STUDY MATERIAL –
+-------+
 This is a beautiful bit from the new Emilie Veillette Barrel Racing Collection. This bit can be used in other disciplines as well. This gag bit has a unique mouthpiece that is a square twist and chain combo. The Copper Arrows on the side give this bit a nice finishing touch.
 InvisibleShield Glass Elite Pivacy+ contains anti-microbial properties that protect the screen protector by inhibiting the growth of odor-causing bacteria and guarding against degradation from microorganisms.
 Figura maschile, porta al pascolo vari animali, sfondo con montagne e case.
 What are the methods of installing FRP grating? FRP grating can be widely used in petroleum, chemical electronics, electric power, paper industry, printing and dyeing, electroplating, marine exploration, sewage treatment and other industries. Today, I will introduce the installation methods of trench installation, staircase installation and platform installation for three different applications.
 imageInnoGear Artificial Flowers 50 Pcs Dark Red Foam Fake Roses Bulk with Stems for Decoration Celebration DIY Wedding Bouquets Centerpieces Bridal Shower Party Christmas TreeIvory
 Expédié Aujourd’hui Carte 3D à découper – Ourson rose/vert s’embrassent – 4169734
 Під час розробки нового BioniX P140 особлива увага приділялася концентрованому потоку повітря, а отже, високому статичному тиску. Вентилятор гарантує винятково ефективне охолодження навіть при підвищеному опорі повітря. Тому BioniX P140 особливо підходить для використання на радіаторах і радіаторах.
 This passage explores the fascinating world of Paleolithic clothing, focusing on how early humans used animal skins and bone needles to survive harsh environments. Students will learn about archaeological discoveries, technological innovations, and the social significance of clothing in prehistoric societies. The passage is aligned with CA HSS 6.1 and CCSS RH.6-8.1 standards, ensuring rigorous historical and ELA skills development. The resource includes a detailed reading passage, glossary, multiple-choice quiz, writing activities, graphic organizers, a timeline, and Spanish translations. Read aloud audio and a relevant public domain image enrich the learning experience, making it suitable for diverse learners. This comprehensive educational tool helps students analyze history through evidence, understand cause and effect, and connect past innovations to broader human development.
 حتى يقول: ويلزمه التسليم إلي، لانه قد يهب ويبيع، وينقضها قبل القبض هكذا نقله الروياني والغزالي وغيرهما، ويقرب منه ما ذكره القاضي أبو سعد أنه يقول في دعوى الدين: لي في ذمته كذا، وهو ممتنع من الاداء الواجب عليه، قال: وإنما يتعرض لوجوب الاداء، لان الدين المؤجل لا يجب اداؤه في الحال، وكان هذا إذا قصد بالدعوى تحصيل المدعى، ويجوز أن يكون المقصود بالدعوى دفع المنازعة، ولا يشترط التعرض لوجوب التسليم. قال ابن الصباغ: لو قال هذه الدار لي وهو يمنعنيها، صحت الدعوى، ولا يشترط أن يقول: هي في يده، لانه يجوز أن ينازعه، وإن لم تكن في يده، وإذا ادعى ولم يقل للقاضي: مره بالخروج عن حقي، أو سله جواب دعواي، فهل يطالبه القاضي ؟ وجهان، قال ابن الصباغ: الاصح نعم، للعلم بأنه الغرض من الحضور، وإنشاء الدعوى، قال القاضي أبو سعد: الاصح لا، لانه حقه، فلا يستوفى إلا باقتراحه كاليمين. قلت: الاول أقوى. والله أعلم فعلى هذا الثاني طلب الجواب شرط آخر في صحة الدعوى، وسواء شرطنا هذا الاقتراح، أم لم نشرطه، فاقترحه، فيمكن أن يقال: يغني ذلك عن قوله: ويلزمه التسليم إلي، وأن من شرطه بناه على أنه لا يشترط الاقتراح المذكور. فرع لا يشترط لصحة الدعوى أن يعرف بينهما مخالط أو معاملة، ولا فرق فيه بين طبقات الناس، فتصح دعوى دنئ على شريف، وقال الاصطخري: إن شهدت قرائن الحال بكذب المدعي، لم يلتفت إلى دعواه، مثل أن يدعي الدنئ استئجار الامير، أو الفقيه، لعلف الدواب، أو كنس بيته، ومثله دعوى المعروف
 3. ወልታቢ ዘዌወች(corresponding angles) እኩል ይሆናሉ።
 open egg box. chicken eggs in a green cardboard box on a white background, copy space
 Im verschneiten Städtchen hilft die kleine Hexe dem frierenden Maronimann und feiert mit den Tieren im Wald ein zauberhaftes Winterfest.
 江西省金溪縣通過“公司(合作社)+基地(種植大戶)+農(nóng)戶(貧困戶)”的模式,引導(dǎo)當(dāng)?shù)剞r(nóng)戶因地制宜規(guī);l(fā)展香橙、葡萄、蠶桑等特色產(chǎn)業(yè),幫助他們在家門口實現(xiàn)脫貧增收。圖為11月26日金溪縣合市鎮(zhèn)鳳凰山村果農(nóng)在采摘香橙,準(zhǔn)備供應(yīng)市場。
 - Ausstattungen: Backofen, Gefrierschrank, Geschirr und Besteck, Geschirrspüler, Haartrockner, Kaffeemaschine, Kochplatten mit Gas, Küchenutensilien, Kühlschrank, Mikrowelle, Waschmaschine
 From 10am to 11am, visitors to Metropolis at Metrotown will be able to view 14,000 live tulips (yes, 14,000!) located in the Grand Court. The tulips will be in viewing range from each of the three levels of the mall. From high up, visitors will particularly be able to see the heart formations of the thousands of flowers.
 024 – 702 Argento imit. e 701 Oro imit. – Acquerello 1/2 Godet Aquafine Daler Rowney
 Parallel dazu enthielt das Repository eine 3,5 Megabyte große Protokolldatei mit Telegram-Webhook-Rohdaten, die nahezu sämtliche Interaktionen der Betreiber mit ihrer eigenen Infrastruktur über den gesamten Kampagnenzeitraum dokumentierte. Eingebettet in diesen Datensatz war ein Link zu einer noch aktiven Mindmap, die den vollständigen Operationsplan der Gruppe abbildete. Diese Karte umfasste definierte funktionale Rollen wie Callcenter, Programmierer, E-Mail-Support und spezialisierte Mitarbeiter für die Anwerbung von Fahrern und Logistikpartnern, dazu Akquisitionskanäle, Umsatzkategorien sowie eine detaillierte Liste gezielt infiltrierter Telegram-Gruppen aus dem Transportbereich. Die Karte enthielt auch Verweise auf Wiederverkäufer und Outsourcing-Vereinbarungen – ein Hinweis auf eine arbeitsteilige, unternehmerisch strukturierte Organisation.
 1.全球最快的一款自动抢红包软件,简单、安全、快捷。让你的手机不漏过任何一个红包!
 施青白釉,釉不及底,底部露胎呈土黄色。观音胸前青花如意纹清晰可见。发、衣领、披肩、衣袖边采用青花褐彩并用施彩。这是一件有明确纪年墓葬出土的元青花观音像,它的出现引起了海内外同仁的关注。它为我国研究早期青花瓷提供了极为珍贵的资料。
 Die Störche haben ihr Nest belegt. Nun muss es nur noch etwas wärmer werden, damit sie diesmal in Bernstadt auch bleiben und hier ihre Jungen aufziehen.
+-------+
TASK OBJECTIVE – Only the lines from the one containing "Parallel dazu enthielt" through the final line of the records above should be printed, exactly as they stand.

OUTPUT BELOW –
 Parallel dazu enthielt das Repository eine 3,5 Megabyte große Protokolldatei mit Telegram-Webhook-Rohdaten, die nahezu sämtliche Interaktionen der Betreiber mit ihrer eigenen Infrastruktur über den gesamten Kampagnenzeitraum dokumentierte. Eingebettet in diesen Datensatz war ein Link zu einer noch aktiven Mindmap, die den vollständigen Operationsplan der Gruppe abbildete. Diese Karte umfasste definierte funktionale Rollen wie Callcenter, Programmierer, E-Mail-Support und spezialisierte Mitarbeiter für die Anwerbung von Fahrern und Logistikpartnern, dazu Akquisitionskanäle, Umsatzkategorien sowie eine detaillierte Liste gezielt infiltrierter Telegram-Gruppen aus dem Transportbereich. Die Karte enthielt auch Verweise auf Wiederverkäufer und Outsourcing-Vereinbarungen – ein Hinweis auf eine arbeitsteilige, unternehmerisch strukturierte Organisation.
 1.全球最快的一款自动抢红包软件,简单、安全、快捷。让你的手机不漏过任何一个红包!
 施青白釉,釉不及底,底部露胎呈土黄色。观音胸前青花如意纹清晰可见。发、衣领、披肩、衣袖边采用青花褐彩并用施彩。这是一件有明确纪年墓葬出土的元青花观音像,它的出现引起了海内外同仁的关注。它为我国研究早期青花瓷提供了极为珍贵的资料。
 Die Störche haben ihr Nest belegt. Nun muss es nur noch etwas wärmer werden, damit sie diesmal in Bernstadt auch bleiben und hier ihre Jungen aufziehen.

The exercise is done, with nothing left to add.